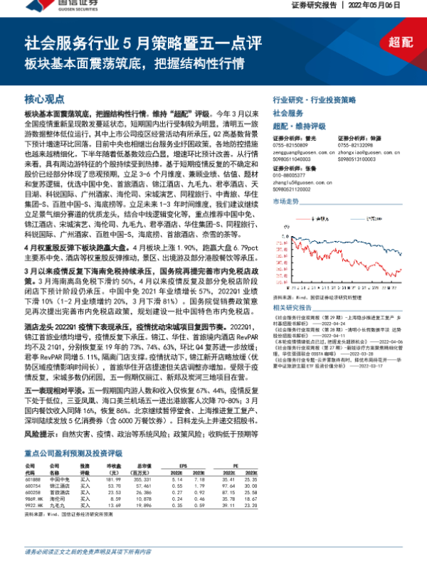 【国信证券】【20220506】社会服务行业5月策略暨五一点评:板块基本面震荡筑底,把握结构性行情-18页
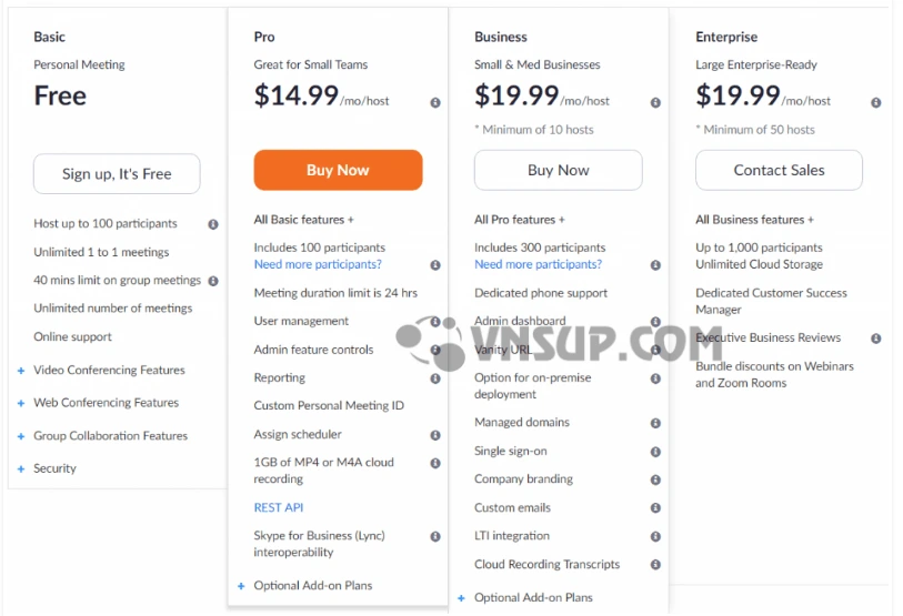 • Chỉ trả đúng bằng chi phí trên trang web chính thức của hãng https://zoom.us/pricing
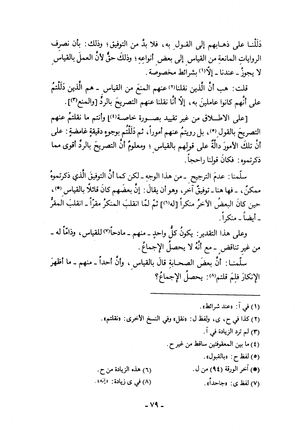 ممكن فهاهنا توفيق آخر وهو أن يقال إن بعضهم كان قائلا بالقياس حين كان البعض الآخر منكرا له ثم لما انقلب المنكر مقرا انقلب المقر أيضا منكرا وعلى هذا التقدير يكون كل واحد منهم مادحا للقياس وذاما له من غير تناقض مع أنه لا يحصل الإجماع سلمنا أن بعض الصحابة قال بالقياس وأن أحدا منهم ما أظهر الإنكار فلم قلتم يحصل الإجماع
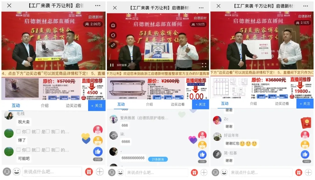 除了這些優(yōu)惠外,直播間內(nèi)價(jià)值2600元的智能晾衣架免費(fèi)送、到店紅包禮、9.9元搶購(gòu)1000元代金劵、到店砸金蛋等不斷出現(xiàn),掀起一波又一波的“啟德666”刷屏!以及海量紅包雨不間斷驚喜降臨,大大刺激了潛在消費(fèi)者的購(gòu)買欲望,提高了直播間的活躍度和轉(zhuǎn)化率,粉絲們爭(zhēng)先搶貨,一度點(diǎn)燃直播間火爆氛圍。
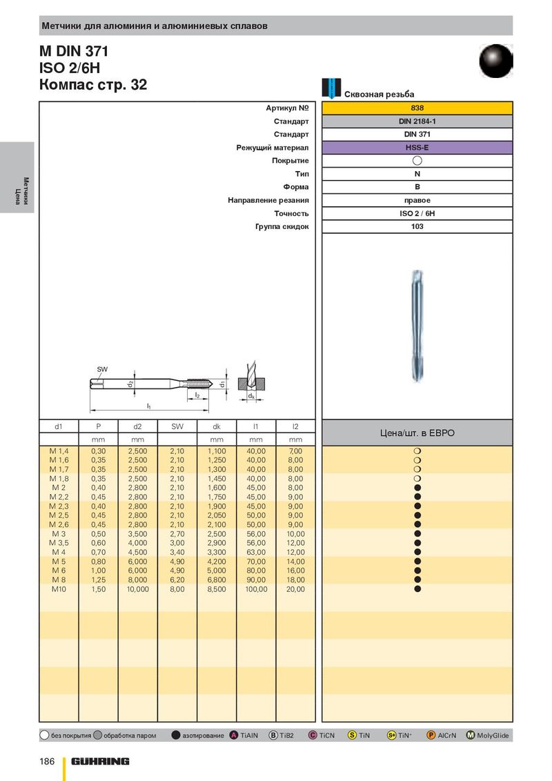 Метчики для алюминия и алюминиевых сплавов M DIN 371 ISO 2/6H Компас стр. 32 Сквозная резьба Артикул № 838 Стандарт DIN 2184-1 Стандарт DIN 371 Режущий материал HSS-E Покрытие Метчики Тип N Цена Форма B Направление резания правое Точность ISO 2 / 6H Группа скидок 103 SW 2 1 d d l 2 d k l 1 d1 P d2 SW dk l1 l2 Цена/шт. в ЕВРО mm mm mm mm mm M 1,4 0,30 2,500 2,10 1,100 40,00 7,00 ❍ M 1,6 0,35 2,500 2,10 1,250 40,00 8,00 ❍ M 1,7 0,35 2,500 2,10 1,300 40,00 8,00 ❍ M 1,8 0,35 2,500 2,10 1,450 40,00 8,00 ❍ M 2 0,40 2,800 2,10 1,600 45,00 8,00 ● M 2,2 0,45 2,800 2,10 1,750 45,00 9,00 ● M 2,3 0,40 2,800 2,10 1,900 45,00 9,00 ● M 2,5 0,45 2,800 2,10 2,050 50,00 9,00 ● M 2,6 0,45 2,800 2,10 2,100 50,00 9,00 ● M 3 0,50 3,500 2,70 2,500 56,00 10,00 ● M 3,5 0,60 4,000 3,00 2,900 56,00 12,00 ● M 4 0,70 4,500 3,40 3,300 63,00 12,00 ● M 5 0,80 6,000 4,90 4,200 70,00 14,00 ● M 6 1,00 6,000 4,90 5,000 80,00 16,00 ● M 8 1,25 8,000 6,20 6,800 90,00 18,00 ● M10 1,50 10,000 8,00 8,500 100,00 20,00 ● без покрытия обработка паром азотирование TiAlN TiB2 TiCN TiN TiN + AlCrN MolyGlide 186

★ ★ ★

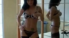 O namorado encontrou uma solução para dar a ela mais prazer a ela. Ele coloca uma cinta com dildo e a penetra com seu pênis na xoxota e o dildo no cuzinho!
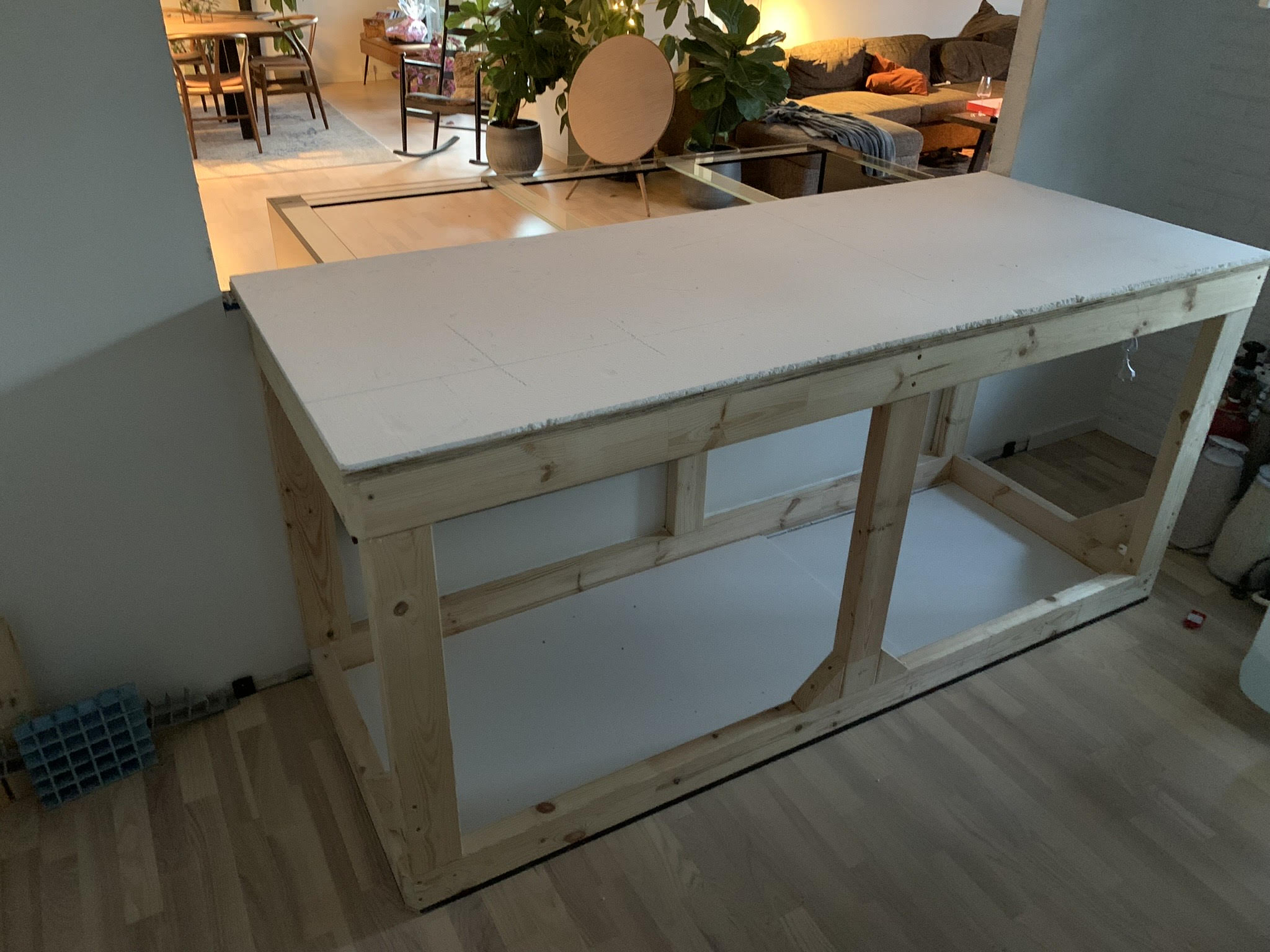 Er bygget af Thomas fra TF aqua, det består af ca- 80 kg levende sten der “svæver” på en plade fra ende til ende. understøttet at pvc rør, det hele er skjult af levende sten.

★ ★ ★

**TASK ITEM**
Copy nothing but the lines above that run from the one with "thức của hãng https://zoom.us/pricing" to the one with "ممكن فهاهنا توفيق", ends included; pictures stay out.

**ANSWER FOR THIS EXERCISE**
 • Chỉ trả đúng bằng chi phí trên trang web chính thức của hãng https://zoom.us/pricing
 ممكن فهاهنا توفيق آخر وهو أن يقال إن بعضهم كان قائلا بالقياس حين كان البعض الآخر منكرا له ثم لما انقلب المنكر مقرا انقلب المقر أيضا منكرا وعلى هذا التقدير يكون كل واحد منهم مادحا للقياس وذاما له من غير تناقض مع أنه لا يحصل الإجماع سلمنا أن بعض الصحابة قال بالقياس وأن أحدا منهم ما أظهر الإنكار فلم قلتم يحصل الإجماع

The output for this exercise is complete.